* Prompt *
Only an exact repeat of the listing, without its images, counts as the answer.

* Collected material *

————————

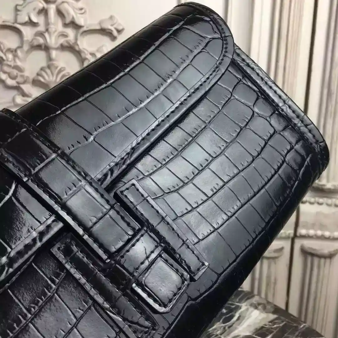 Hermes Jige Elan 29 Clutch In Black Crocodile Leather ; HW113
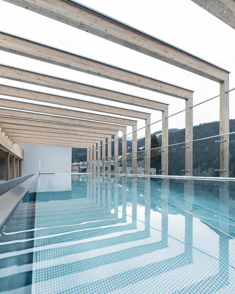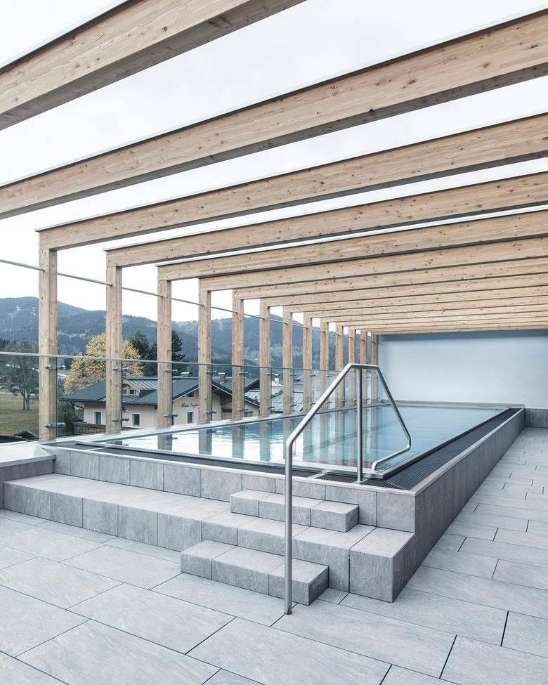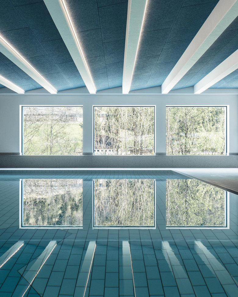 Die bestehenden Räumlichkeiten der Freizeitanlage des Tauernhofs aus den 90er Jahren erhielten ein neues Raumkonzept. Neu geplant und errichtet wurden Hallenbad, Sport- und Wellnessbereich inkl. Saunen, Sanitärräume sowie eine großzügige Dachterrasse mit Außenpool. Der aufgesetzte neue Baukörper ist von den Außenkanten des bestehenden Gebäudes abgerückt und bietet daher wenig Einblicke dafür entspannte, ruhige Ausblicke.
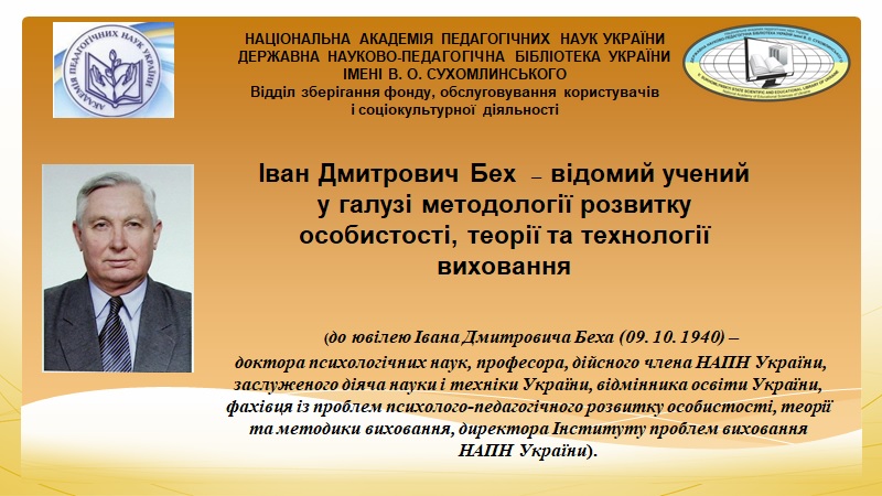 імені В. О. Сухомлинського НАПН України прагне створити сучасний науково-освітній та культурний простір, що сприятиме якісному забезпеченню Ваших інформаційних потреб.

————————

* Your solution *
 Hermes Jige Elan 29 Clutch In Black Crocodile Leather ; HW113
 Die bestehenden Räumlichkeiten der Freizeitanlage des Tauernhofs aus den 90er Jahren erhielten ein neues Raumkonzept. Neu geplant und errichtet wurden Hallenbad, Sport- und Wellnessbereich inkl. Saunen, Sanitärräume sowie eine großzügige Dachterrasse mit Außenpool. Der aufgesetzte neue Baukörper ist von den Außenkanten des bestehenden Gebäudes abgerückt und bietet daher wenig Einblicke dafür entspannte, ruhige Ausblicke.
 імені В. О. Сухомлинського НАПН України прагне створити сучасний науково-освітній та культурний простір, що сприятиме якісному забезпеченню Ваших інформаційних потреб.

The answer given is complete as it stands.